Aber es geht auch direkter. Denn die Hobby-Expert*innen wittern Versicherungsbetrug oder schlimmeres. Spenden, die der Krefelder Zoo erhalten hat, werden womöglich in ganz andere Richtungen geleitet. „Die Deutschen werden den Juden Auschwitz nie verzeihen“, soll der östereichisch-israelische Autor Zvi Rex formuliert haben. Hier bewahrheitet sich das erneut. Im Facebook-Text heißt es:

„Tja, der Deep State ist pleite und braucht Geld. Schließlich kann Merkel nicht ständig Geld an andere Länder (wie z.B Indien 1 Mrd) oder Organisationen (jetzt wollte ich eigentlich die Auschwitzsanierung mit ich glaube 60 Mio erwähnen, die kürzlich im Gespräch war. Da ich mir bei der Summe nicht ganz sicher war, hab ich kurz gegoogelt. Stellt euch vor, ich habe NICHT EINEN Beitrag darüber gefunden. Ob sie ihre Spuren verwischen will?) verteilen und über dunkle Kanäle zurückfließen lassen.“

Wir lernen: Hobby-Brandexpert*innen sind nicht unbedingt Rechercheprofis. Immerhin sind es tatsächlich 60 Millionen Euro, mit denen Bund und Länder die Gedenkstätte unterstützen.

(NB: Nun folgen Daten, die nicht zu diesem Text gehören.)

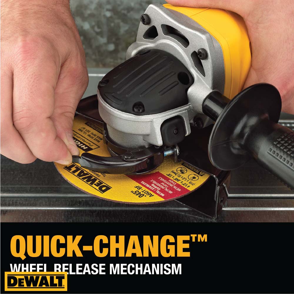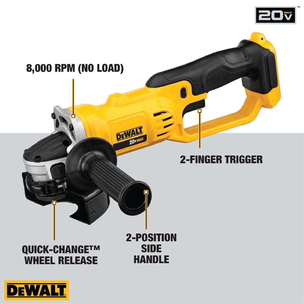Con la extracción de la rueda y los ajustes del protector sin herramientas, esta amoladora de 20 V MAX* de 4,5 pulg./5 pulg. permite ajustes y posicionamiento rápidos. La liberación de rueda Quick-Change™, un práctico interruptor de gatillo con botón de bloqueo, ofrece productividad para cambios rápidos de rueda. Compatible con baterías y cargadores de 20 V MAX*, este producto inalámbrico se puede agregar a su línea existente.

Meldungen dazu findet man mit insgesamt einer Google-Suche auf der Seite des Auswärtigen Amtes, bei t-online, der Süddeutschen Zeitung, der Zeit, beim Focus, dem Hamburger Abendblatt, der Berliner Zeitung oder auch der Borkener Zeitung. Aber man kann die zahlreichen Medienberichte auch einfach ignorieren, wenn man lieber antisemitische Verschwörungstheorien verbreiten will.